Hamas leaders say they want a period of peace. "I think this government is meaning really to put an end to any kind of bloodshed, for the Palestinians first and for others as well," Aziz Dweik, speaker of the Palestinian parliament, said last week. Israel's new leader, Ehud Olmert, spoke of living "in a state of peace and quiet."

That would be desirable after all of the dramatic surprises that have transformed Israel's political landscape in the last seven months: Israel's withdrawal from Gaza; the defeat of veteran statesman and Nobel Prize laureate Shimon Peres for leader of the Labor Party; the decision of Prime Minister Ariel Sharon to leave the Likud Party and start Kadimah, a new party of the center; Sharon's stroke and departure from the political scene; and the Hamas victory in the Palestinian election.

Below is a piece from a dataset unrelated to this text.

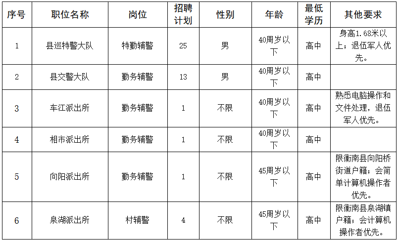 三、車江派出所勤務(wù)輔警、相市派出所勤務(wù)輔警、向陽派出所勤務(wù)輔警、泉湖派出所村輔警等崗位性別要求由“男”變更為“不限”;

As recently as last summer, no one could have imagined any of this. The old order has collapsed. Nothing signified that more than the collapse of Israel's Likud Party in last month's election. Likud went from 32 percent of the vote in 2003 to just 9 percent on March 28. David Makovsky of the Washington Institute for Near East Policy observed that Labor was the dominant party for Israel's first 29 years (1948-1977). Then Likud dominated Israeli politics for the next 29 years (1977-2006).

What could be next? Israeli voters' confidence in the old alternatives has evaporated. The status quo—continuing occupation—doesn't work, in the view of most Israelis. The crushing defeat of Likud conveyed that message. Peace negotiations? Israel says it can't talk peace with Hamas. Israel's Labor Party still holds out hope for negotiations. But Labor, which came in second in the election with 15 percent of the vote, did not run on a platform of reviving the peace process.

Israelis think that the security fence is working. So, before the recent election, acting Prime Minister Olmert said he would turn the fence into a border. "We are prepared to compromise, give up parts of our beloved land of Israel, and painfully remove Jews who live there," Olmert said. The voters' response? "OK, we'll try it." The vote was a wary endorsement of Olmert's risky new alternative, the relocation of more than 60,000 Israeli settlers behind new borders, determined unilaterally by Israel.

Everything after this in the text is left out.